> [EXERCISE DIRECTIONS]: The lines below may contain the word "than". Please count those that do and give the number alone.

Start of ENTRIES SHOWN

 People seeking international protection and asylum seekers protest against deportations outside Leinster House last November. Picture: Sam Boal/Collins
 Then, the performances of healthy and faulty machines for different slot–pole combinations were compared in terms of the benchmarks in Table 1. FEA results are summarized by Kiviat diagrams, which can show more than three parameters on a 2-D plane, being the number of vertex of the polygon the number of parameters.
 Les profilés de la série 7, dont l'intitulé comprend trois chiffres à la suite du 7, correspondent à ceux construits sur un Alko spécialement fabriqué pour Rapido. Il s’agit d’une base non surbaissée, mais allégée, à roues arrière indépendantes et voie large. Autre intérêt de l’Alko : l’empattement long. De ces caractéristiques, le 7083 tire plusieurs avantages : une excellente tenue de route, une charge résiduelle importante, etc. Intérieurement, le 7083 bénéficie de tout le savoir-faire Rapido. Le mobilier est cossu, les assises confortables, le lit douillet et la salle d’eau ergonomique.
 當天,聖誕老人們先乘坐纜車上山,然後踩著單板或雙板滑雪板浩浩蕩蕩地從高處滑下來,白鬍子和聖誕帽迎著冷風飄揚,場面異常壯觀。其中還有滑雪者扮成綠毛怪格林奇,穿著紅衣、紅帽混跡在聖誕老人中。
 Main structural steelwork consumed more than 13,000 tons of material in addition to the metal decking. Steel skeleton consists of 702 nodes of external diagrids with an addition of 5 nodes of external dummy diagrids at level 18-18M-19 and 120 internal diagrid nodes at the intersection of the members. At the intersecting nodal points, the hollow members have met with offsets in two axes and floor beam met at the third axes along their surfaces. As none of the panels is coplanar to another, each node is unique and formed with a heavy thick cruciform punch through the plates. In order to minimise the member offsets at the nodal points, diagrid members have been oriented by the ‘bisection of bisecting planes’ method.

End of ENTRIES SHOWN
Start of ENTRIES SHOWN

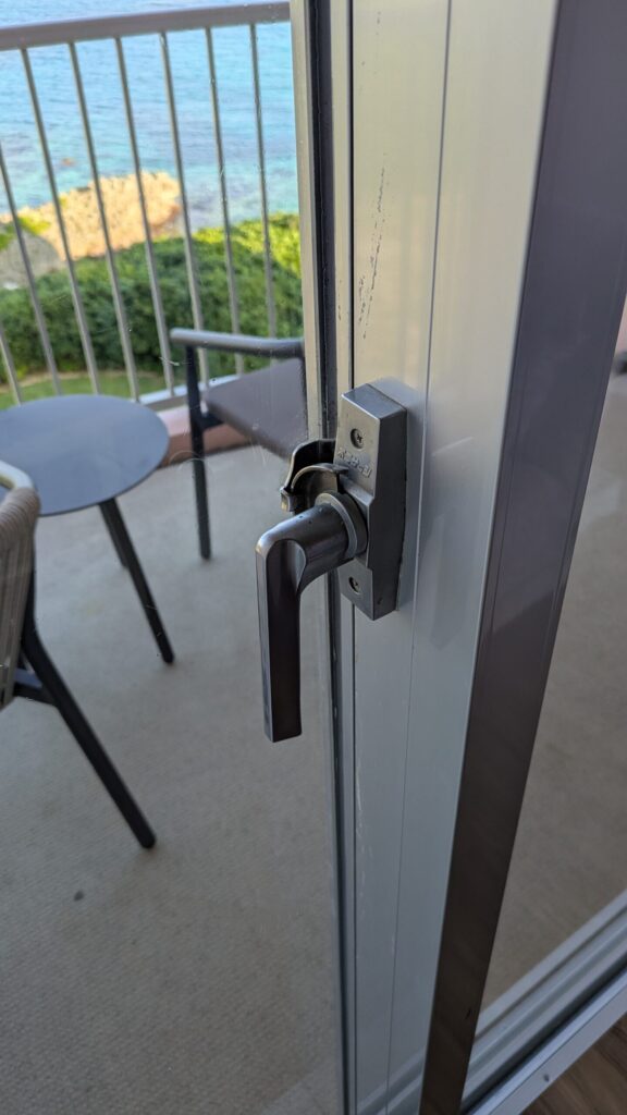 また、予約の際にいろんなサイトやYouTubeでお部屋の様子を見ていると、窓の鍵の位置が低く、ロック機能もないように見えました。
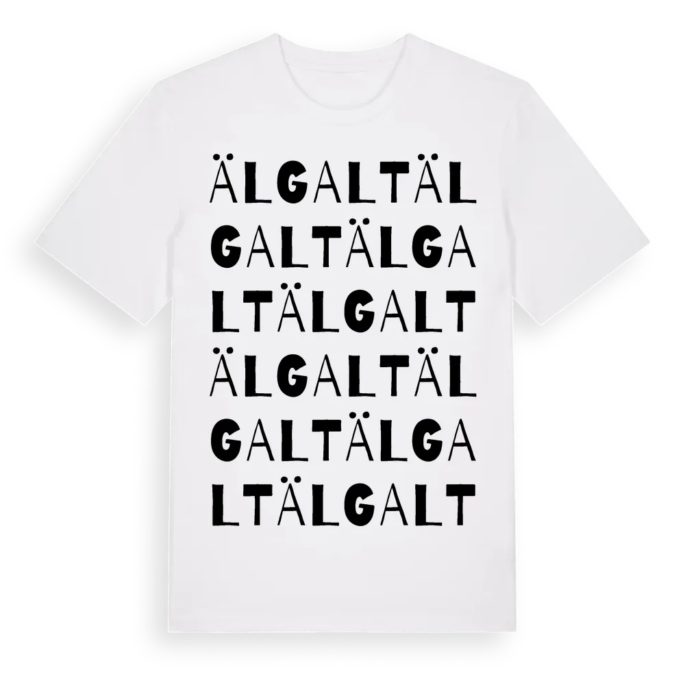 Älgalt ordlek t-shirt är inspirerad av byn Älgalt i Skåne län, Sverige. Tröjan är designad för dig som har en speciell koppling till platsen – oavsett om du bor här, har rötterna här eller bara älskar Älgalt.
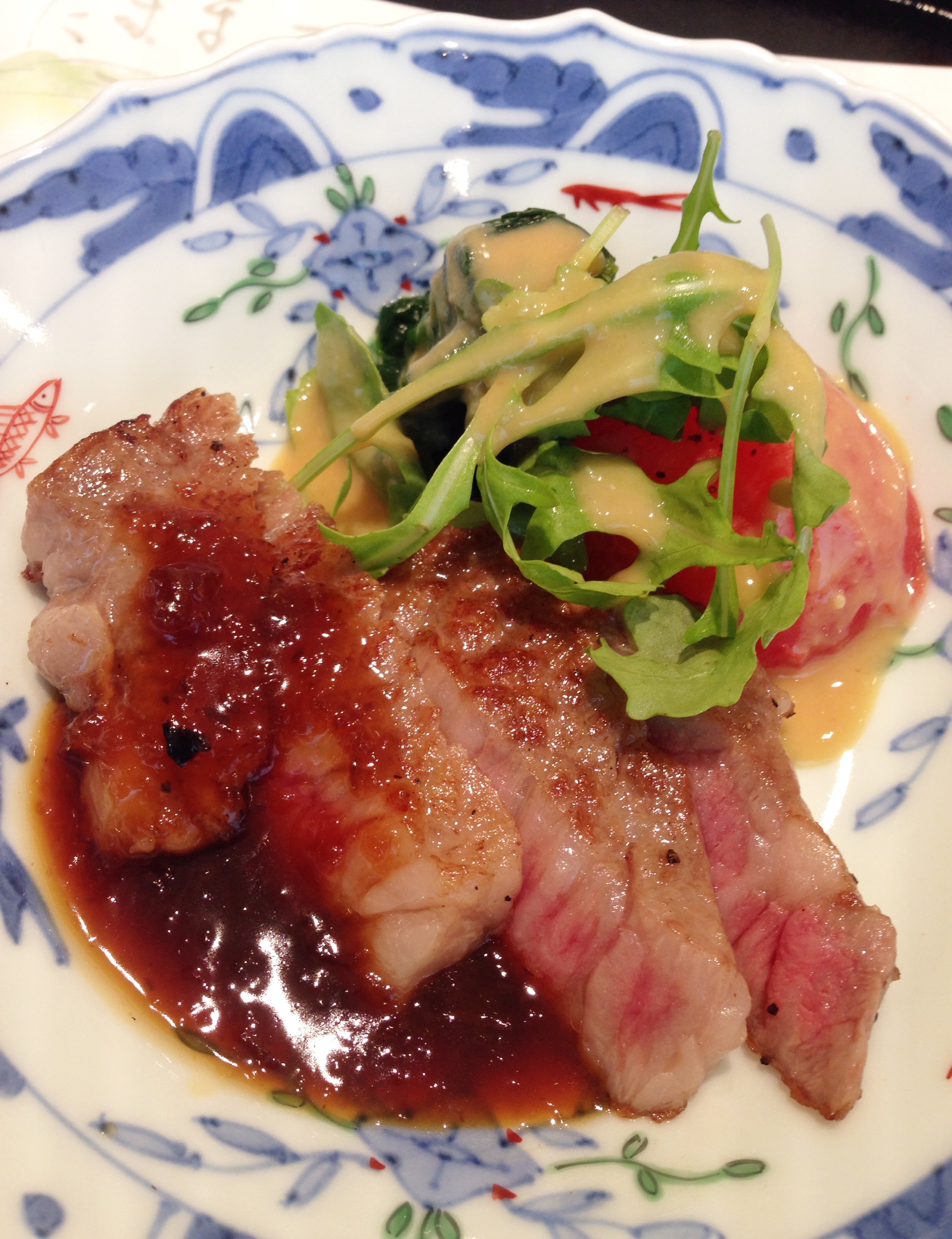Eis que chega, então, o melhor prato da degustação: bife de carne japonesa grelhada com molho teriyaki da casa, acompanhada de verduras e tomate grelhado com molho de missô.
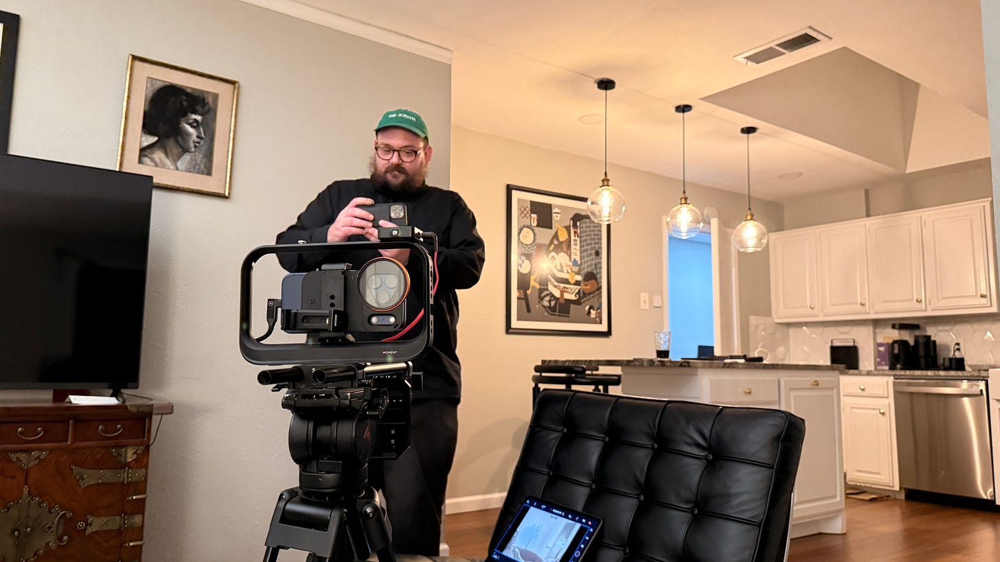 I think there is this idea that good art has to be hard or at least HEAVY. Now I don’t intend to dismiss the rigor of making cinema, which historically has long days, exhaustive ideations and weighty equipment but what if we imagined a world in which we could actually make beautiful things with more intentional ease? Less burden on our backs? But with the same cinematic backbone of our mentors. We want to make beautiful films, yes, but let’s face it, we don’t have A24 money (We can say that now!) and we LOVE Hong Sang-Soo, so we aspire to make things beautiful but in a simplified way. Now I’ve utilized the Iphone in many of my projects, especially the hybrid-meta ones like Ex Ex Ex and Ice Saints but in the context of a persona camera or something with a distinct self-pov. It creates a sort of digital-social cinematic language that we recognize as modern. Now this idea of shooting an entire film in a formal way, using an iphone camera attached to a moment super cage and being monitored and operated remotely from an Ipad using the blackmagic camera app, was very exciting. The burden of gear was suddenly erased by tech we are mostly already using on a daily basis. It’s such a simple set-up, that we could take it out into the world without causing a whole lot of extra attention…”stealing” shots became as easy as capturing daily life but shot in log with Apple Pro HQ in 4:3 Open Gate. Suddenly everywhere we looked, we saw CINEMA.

End of ENTRIES SHOWN
Start of ENTRIES SHOWN

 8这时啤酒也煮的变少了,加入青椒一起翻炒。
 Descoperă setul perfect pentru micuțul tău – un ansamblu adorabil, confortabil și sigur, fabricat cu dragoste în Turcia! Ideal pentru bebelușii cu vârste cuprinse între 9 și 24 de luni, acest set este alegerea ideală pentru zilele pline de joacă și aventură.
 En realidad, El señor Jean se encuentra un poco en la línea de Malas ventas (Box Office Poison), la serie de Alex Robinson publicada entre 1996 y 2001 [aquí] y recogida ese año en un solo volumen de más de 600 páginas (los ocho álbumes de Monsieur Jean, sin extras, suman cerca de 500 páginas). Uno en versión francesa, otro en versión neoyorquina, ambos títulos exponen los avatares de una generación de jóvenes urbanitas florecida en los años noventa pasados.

End of ENTRIES SHOWN

> [RESPONSE]: 2